* Assigned task *
Return only the lines from the one that contains "Triple layer vanilla" through the last line of the records below, exactly as they stand. Pictures are not part of the copy.
☆ ☆ ☆ ☆
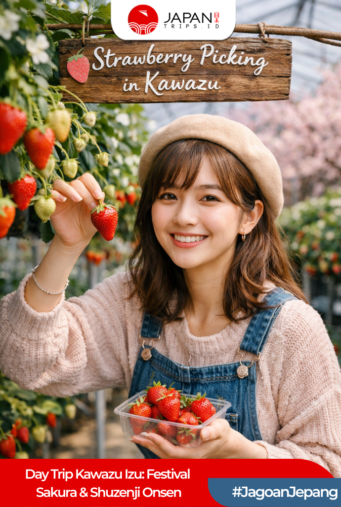 Festival Sakura Kawazu terkenal sebagai salah satu sakura yang mekar paling awal di Jepang, bahkan lebih cepat dibanding Tokyo. Bunga sakura pink lembut bermekaran sepanjang sungai, membuatnya menjadi spot terbaik untuk foto-foto dan menikmati suasana musim semi. Kunjungi kebun stroberi di Izu dan petik stroberi segar musiman langsung dari kebunnya. Rasanya manis, juicy, dan cocok untuk semua usia.
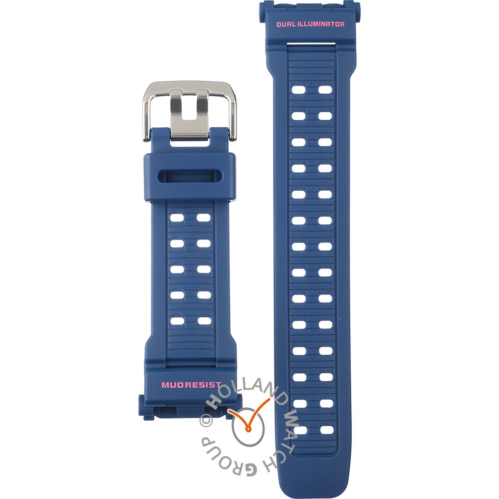 Esta bracelete de relógio G-Shock é feita de resina e está fixada ao relógio através de parafuso de sela. A bracelete tem uma largura de 27 mm e fecha através de fecho. A bracelete não tem uma montagem a direito, o que significa que esta bracelete só é adequada para os relógios listados abaixo.
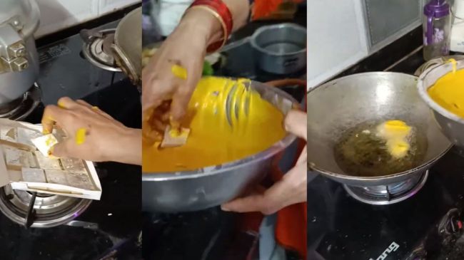वायरल वीडियो में एक महिला कढ़ाई में तेल गर्म करती दिखाई दे रही है। पास में काजू कतली का डिब्बा रखा हुआ है। महिला से जब पूछा गया कि वह क्या बना रही है तो उसने बताया कि काजू कतली के पकौड़े! महिला ने काजू कतली के पकौड़े बनाकर लोगों को हैरान कर दिया।
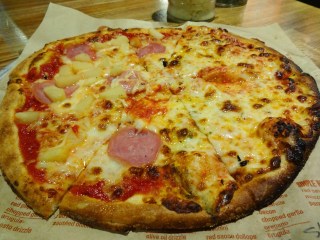 | Pineapple and smoked ham on the left, just cheese on the right. |
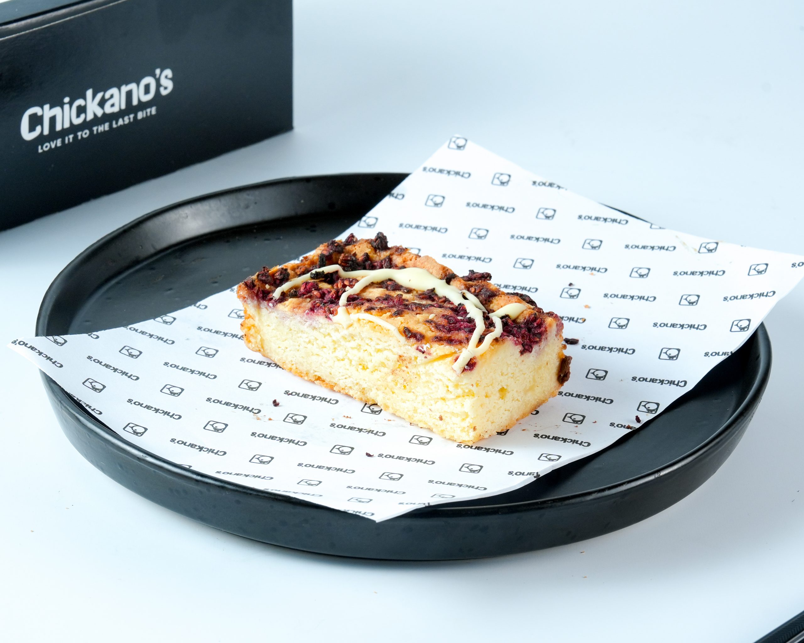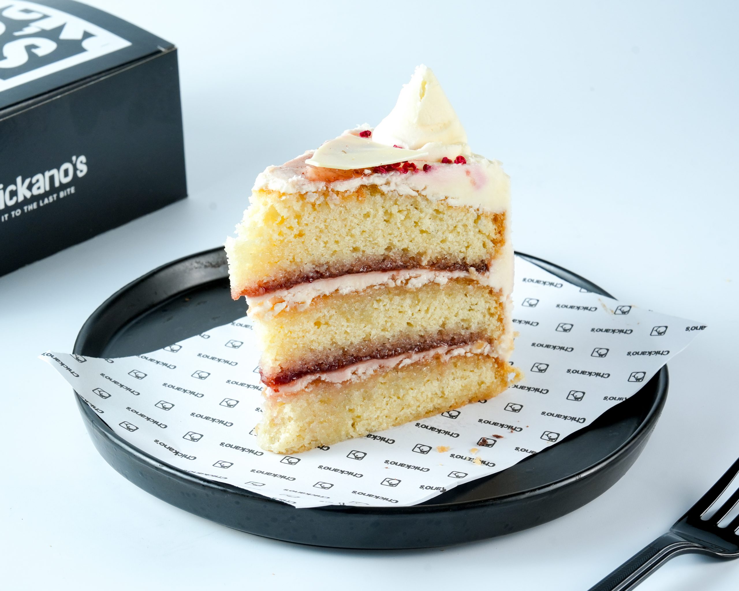 Triple layer vanilla sponge, layered with Raspberry jam and a vanilla buttercream coating. Topped with white chocolate and dried Raspberry crumb.
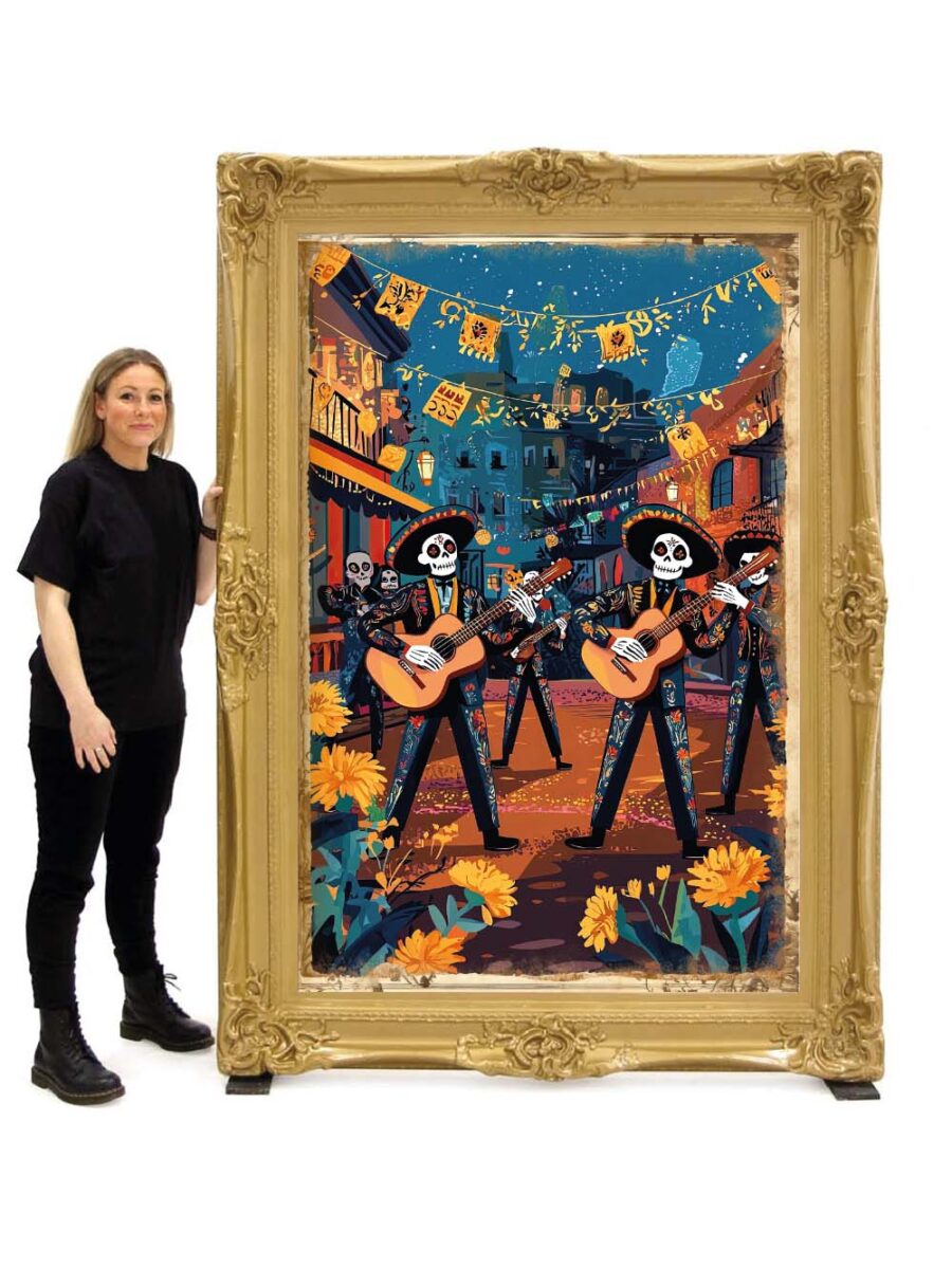 Day of the Dead Themed Print in Gold Frame #13. Great theming for Day of the Dead events. Check out the full range of Halloween theme prints in giant frames.
☆ ☆ ☆ ☆
* Completed exercise *
 Triple layer vanilla sponge, layered with Raspberry jam and a vanilla buttercream coating. Topped with white chocolate and dried Raspberry crumb.
 Day of the Dead Themed Print in Gold Frame #13. Great theming for Day of the Dead events. Check out the full range of Halloween theme prints in giant frames.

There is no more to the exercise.